# EXERCISE
Output the first line of the listing and each line after it, up to and including the line that contains "al Bayern Monaco", exactly as written, minus the pictures.

# INFORMATION SUPPLIED
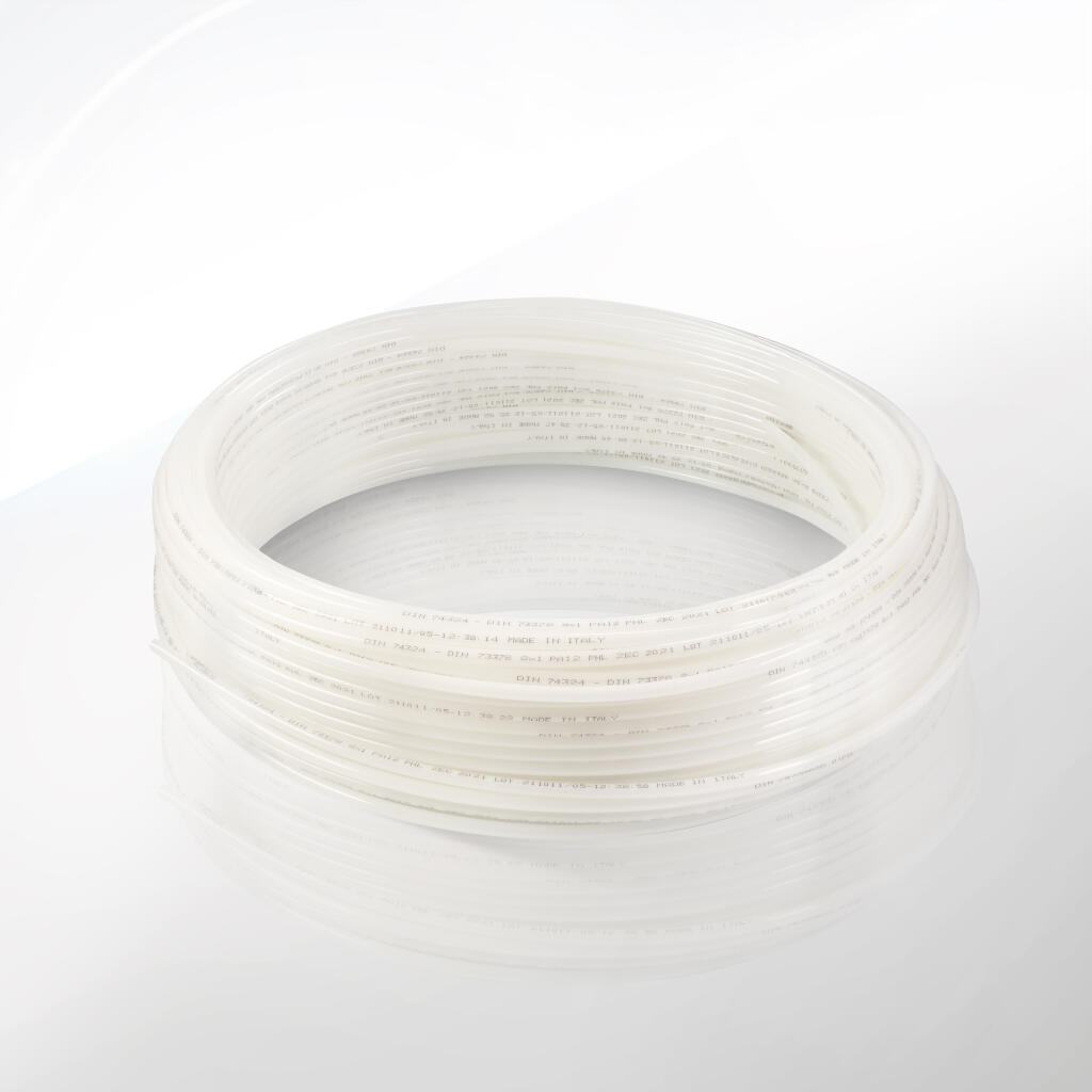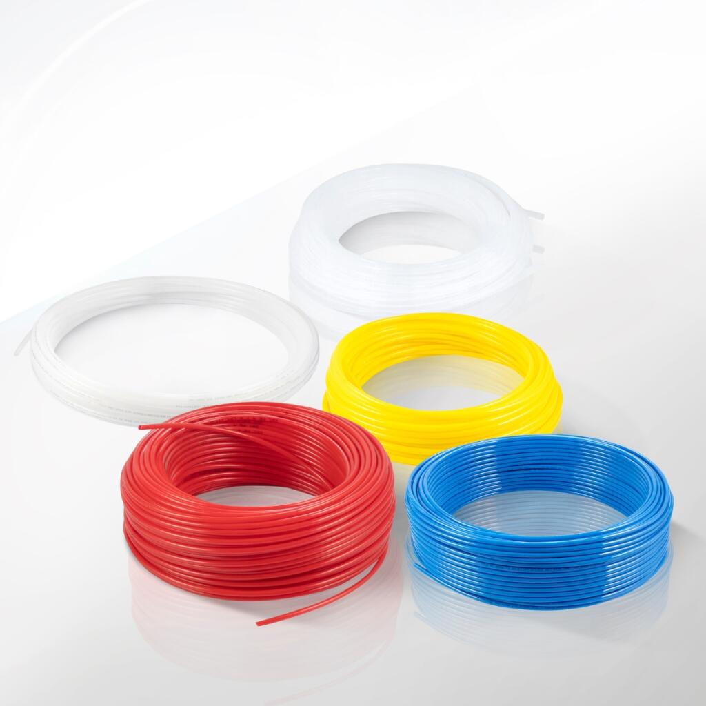 PE (polietylen): do standardowych zastosowań, zasilania siłowników, przesyłu sprężonego powietrza, cieczy neutralnych – lekki, elastyczny, ekonomiczny.
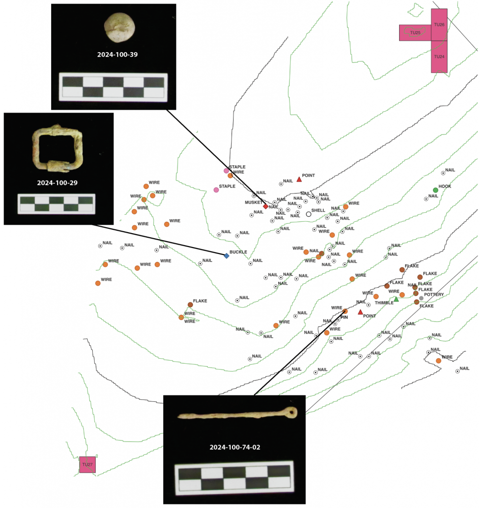 Figure 4. Results from metal detecting survey with several important artifact illustrated.
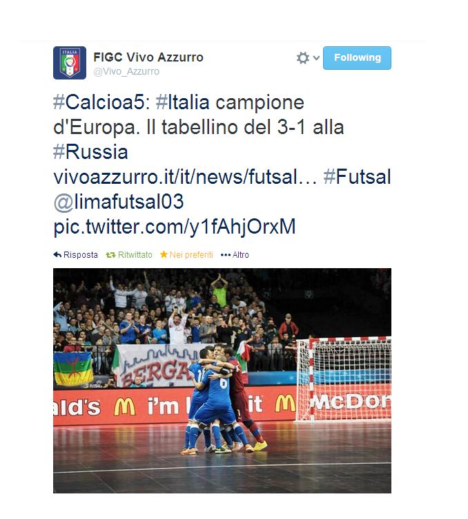 Staale Sandbech “Snowboarder Norvegese”: nulla da invidiare alle creste di Balotelli, El Shaarawy e Hamsik.Zoeggeler nella leggenda: è il primo atleta nella storia a conquistare sei medaglie in sei edizioni olimpiche consecutive.La Nazionale di calcio a 5 dell’Italia conquista il suo secondo Campionato Europeo battendo la Russia per 3-1 nella finale di Anversa.Questo è il calcio che vorremmo vedere tutti!La Dinamo Sassari riesce contro ogni pronostico a vincere la sua prima Coppa Italia, battendo squadre come Armani Milano e Montepaschi Siena, entrambe favorite per la vittoria finale.Tutto il mondo è paese… Ecco come viene preso dai tifosi il trasferimento di Lewandowski dal Borussia Dortmund al Bayern Monaco
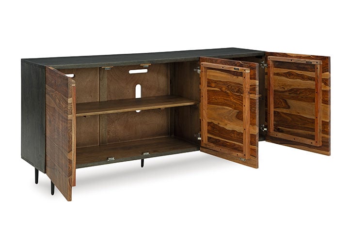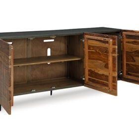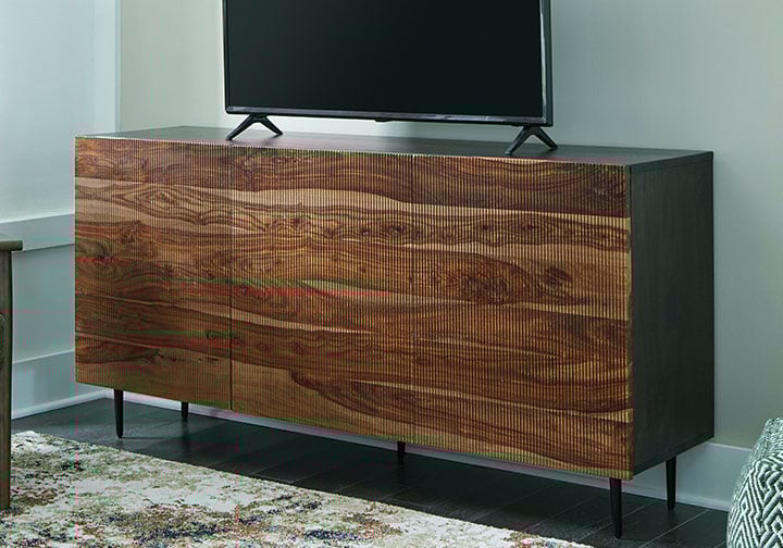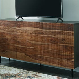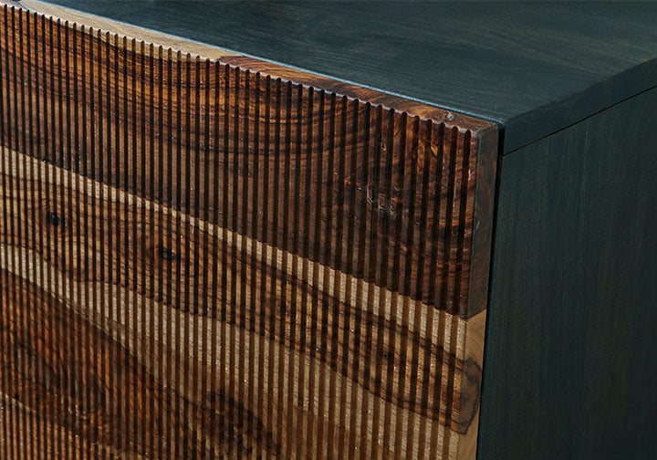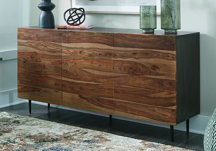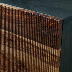 This mid-century modern inspired piece is skillfully crafted with durable solid mango and shesham wood. The natural and deep brown finish in addition to the fluted, grooved door fronts provide character anywhere it’s displayed. Pair it with sumptuous velvet upholstery and accents in a brushed brass-tone finish for an exquisite look.

# WRITTEN SOLUTION
 PE (polietylen): do standardowych zastosowań, zasilania siłowników, przesyłu sprężonego powietrza, cieczy neutralnych – lekki, elastyczny, ekonomiczny.
 Figure 4. Results from metal detecting survey with several important artifact illustrated.
 Staale Sandbech “Snowboarder Norvegese”: nulla da invidiare alle creste di Balotelli, El Shaarawy e Hamsik.Zoeggeler nella leggenda: è il primo atleta nella storia a conquistare sei medaglie in sei edizioni olimpiche consecutive.La Nazionale di calcio a 5 dell’Italia conquista il suo secondo Campionato Europeo battendo la Russia per 3-1 nella finale di Anversa.Questo è il calcio che vorremmo vedere tutti!La Dinamo Sassari riesce contro ogni pronostico a vincere la sua prima Coppa Italia, battendo squadre come Armani Milano e Montepaschi Siena, entrambe favorite per la vittoria finale.Tutto il mondo è paese… Ecco come viene preso dai tifosi il trasferimento di Lewandowski dal Borussia Dortmund al Bayern Monaco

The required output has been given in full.